[Stored items from a collection]
>>>>
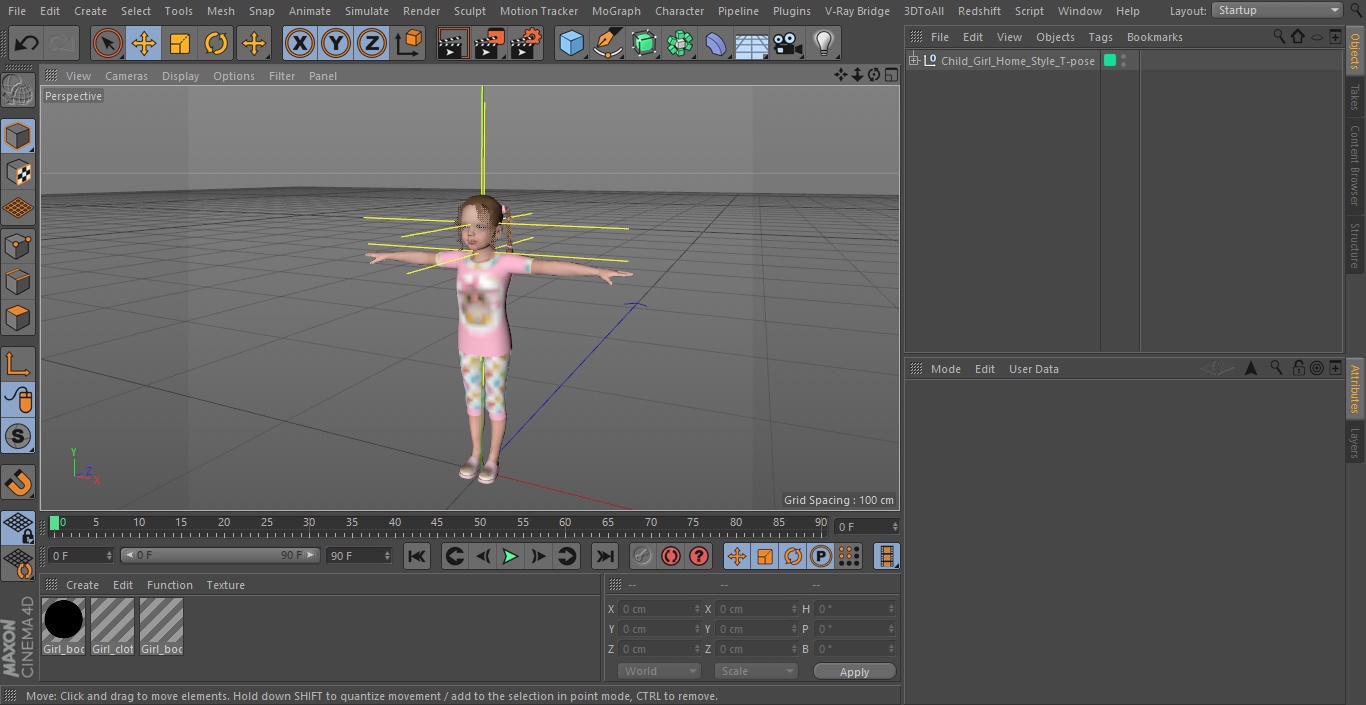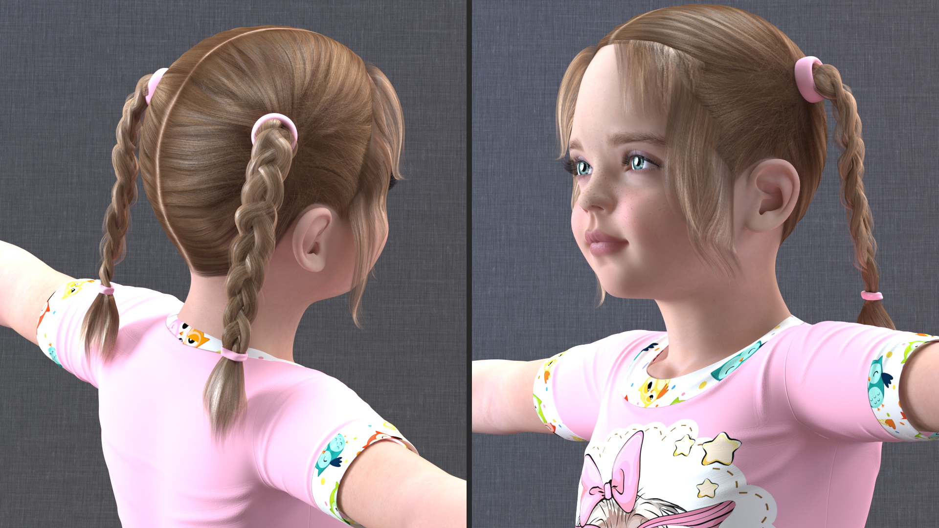 Child Girl Home Style T-pose is a high quality, photo real 3d model that will enhance detail and realism to any of your rendering projects. The model has a fully textured, detailed design that allows for close-up renders, and was originally modeled in 3ds Max 2020 and rendered with V-Ray. Renders have no postprocessing!
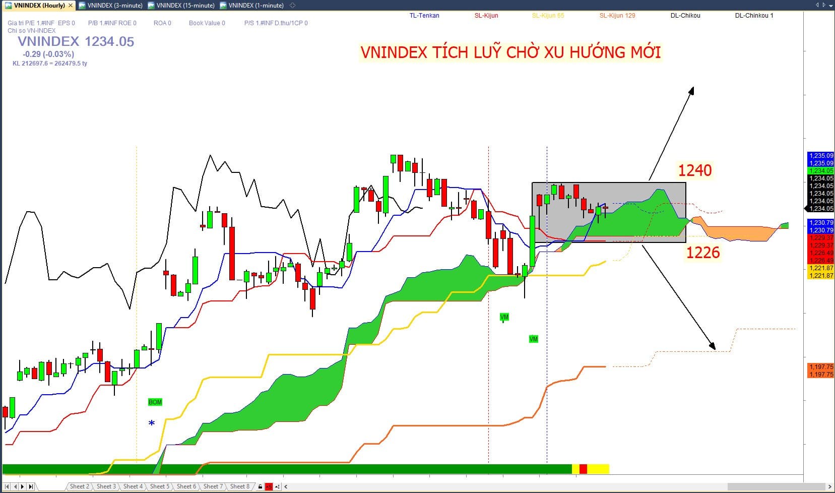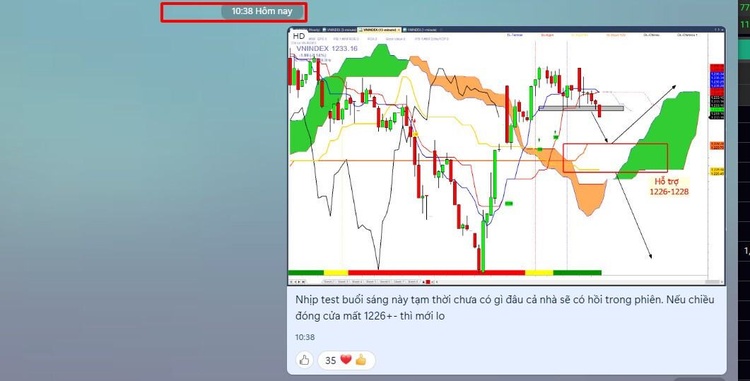- Kịch bản tích cực: Trong trường hợp thị trường kết phiên thứ 2 nằm trên 1228± thì thị trường sẽ an toàn đến cuối tuần cụ thể là đến chiều thứ 5, mục tiêu hướng về vùng đỉnh cũ 1246±
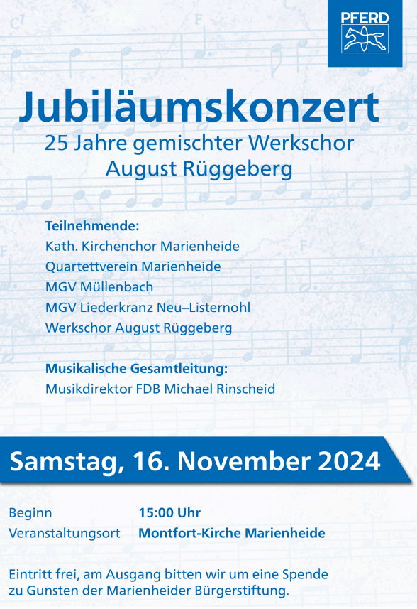 MARIENHEIDE Chor feiert Jubiläum TEILEN Red; 09.11.2024, 12:16 Uhr Marienheide - Anlässlich seines 25-jährigen Bestehens gibt der Rüggeberg-Werkschor am 16. November ein Konzert. WERBUNG
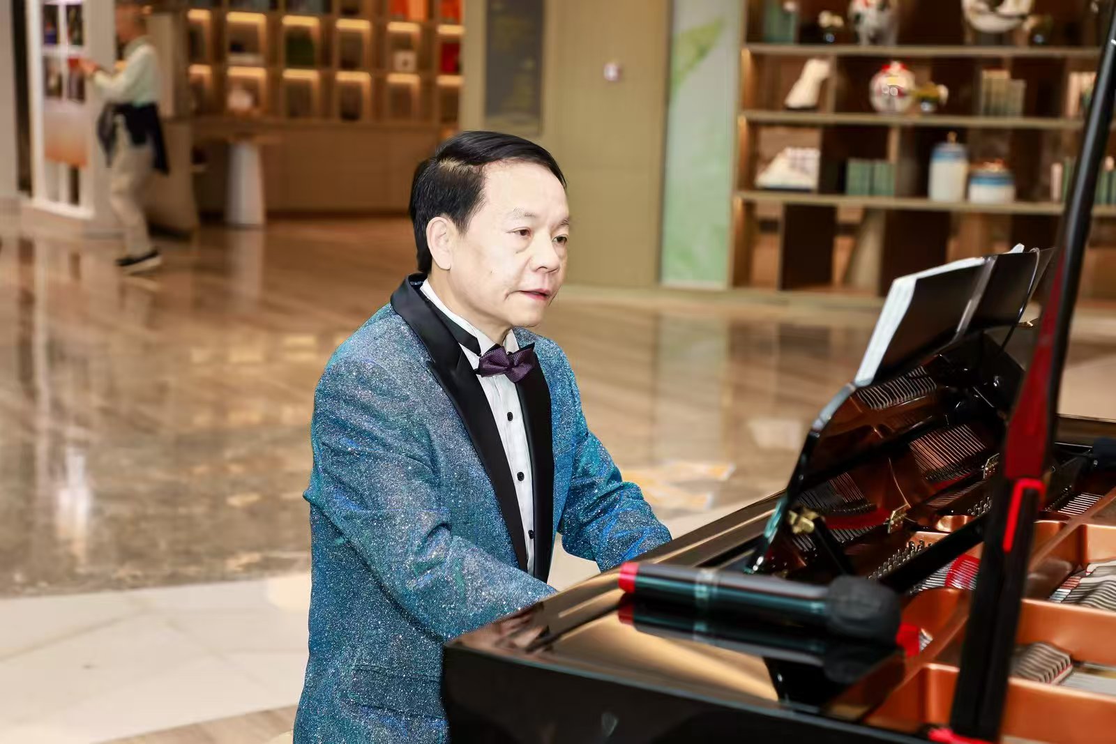 “第二點,共鳴腔體?!彼檬种篙p點自己的胸腔、喉部、口腔、頭腔,“這四個位置,就是你的聲音工廠。聲音不是從嗓子里硬擠出來的,是共振出來的。”講到興頭上,他干脆現場示范了一段《草原之夜》的引子,高亢透亮的男高音在劇場中回蕩,每一個音符都清晰得如同落在耳畔。喝彩聲尚未平息,他又邀出他的學生、平利縣文化館館長陳尚忠。師生二人即興合奏,琴聲與人聲交織,40余年的師生情誼在旋律中靜靜流淌。
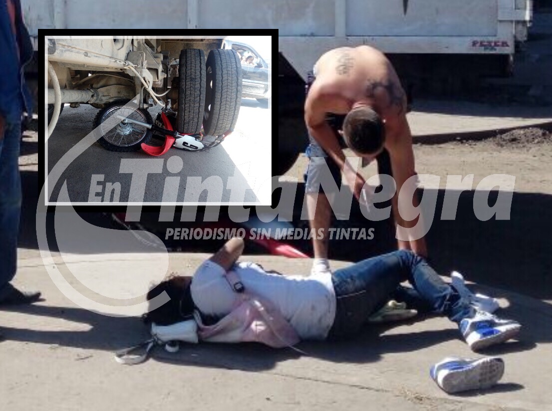 Los hechos ocurrieron este medio día sobre la prolongación Independencia cerca del fraccionamiento Altamira. Mientras la motocicleta quedó debajo de las llantas de la unidad, la muchacha salió disparado metros distantes.
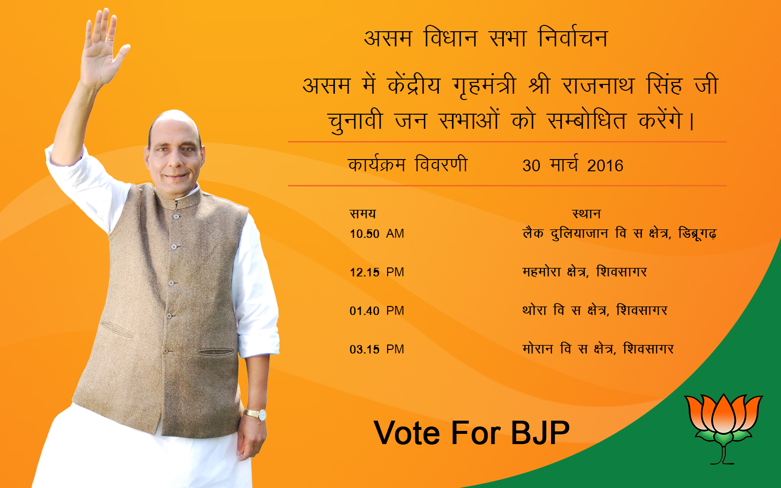 असम में केंद्रीय गृहमंत्री श्री राजनाथ सिंह जी का चुनावी जन सभा कार्यक्रम दिनांक :- 30 मार्च 2016.
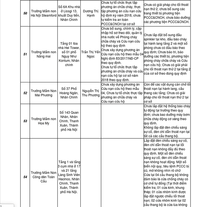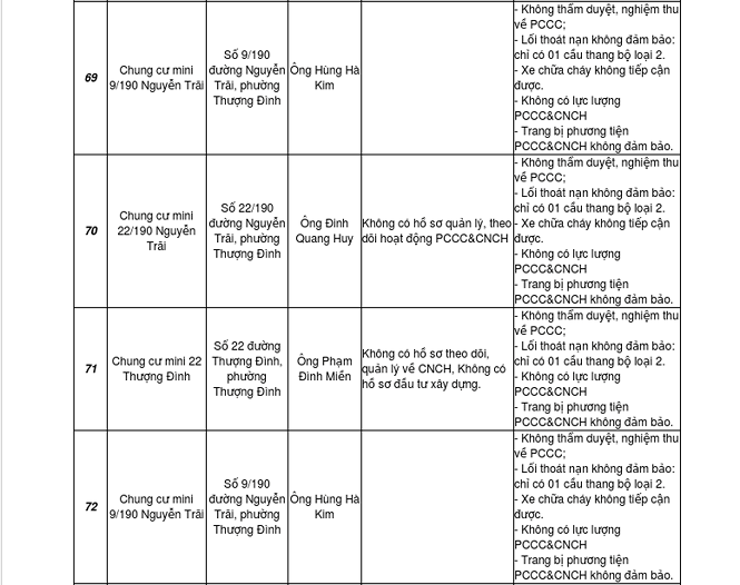 Ngoài ra, hàng loạt chung cư mini, trường học, trung tâm thương mại… cũng bị bêu tên vi phạm về PCCC.
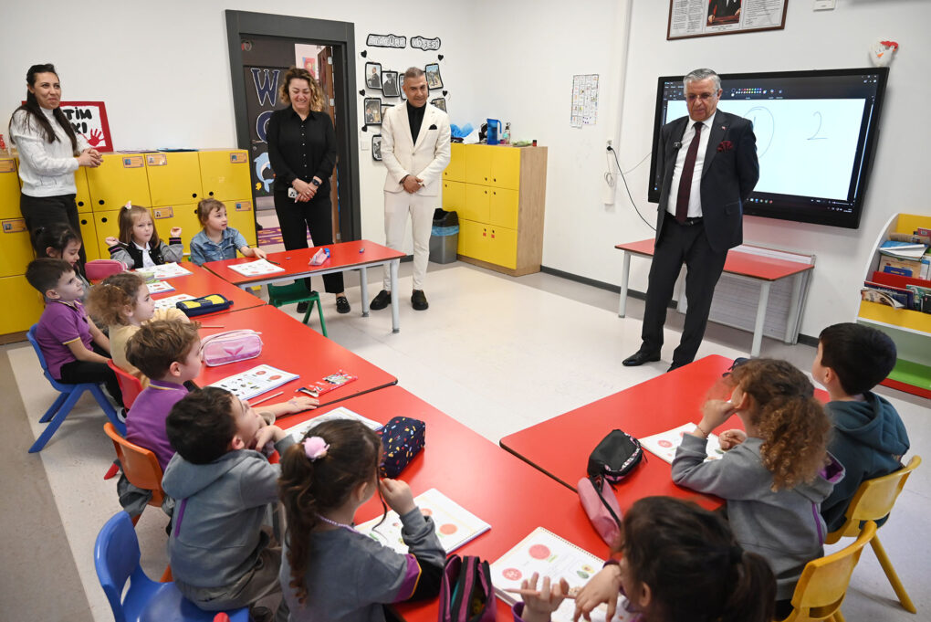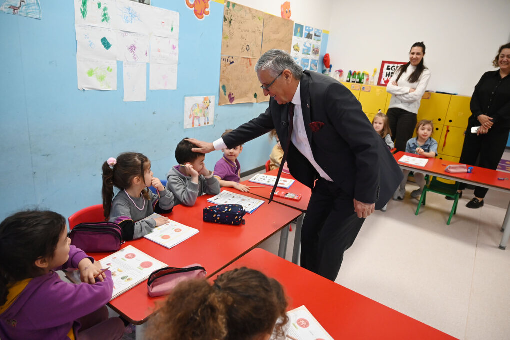 Okul ziyaretinde öğretmenlerle selamlaşan Başkan Topaloğlu, program kapsamında ilk olarak ana sınıfı öğrencilerini ziyaret etti. Miniklerle sohbet eden Başkan Topaloğlu, onların heyecanına ortak oldu.
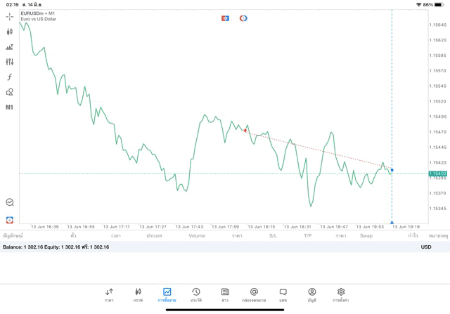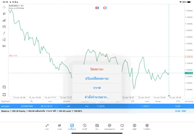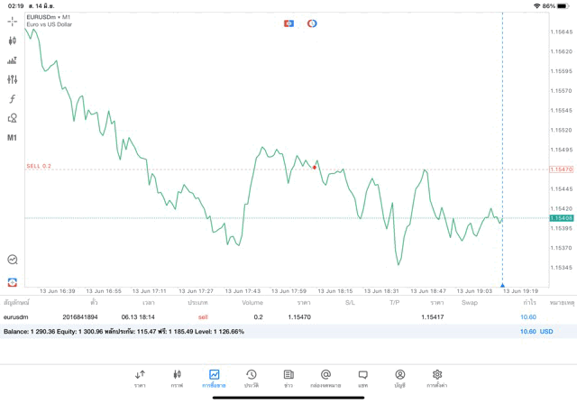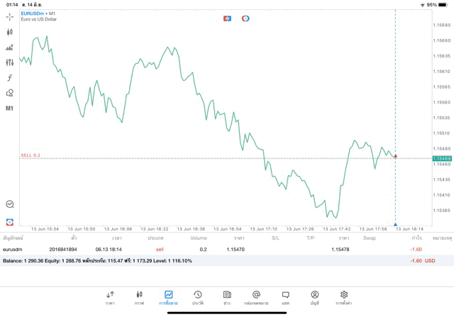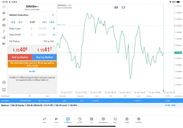 การเทรด Forex EURUSD 0.2 lot แอพ MT5
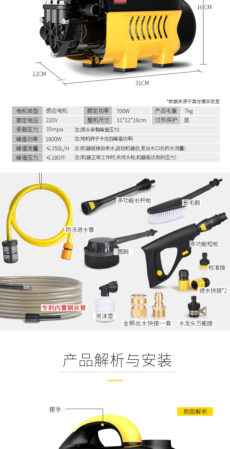 商品名称:莫甘娜 洗车机高压家用220V全自动洗车神器便携式刷车泵水枪清洗机
<<<<
Your objective
Return word for word the line bearing "Ngoài ra, hàng" and every later line of the entries, but none of the pictures.

Solution for this exercise
 Ngoài ra, hàng loạt chung cư mini, trường học, trung tâm thương mại… cũng bị bêu tên vi phạm về PCCC.
 Okul ziyaretinde öğretmenlerle selamlaşan Başkan Topaloğlu, program kapsamında ilk olarak ana sınıfı öğrencilerini ziyaret etti. Miniklerle sohbet eden Başkan Topaloğlu, onların heyecanına ortak oldu.
 การเทรด Forex EURUSD 0.2 lot แอพ MT5
 商品名称:莫甘娜 洗车机高压家用220V全自动洗车神器便携式刷车泵水枪清洗机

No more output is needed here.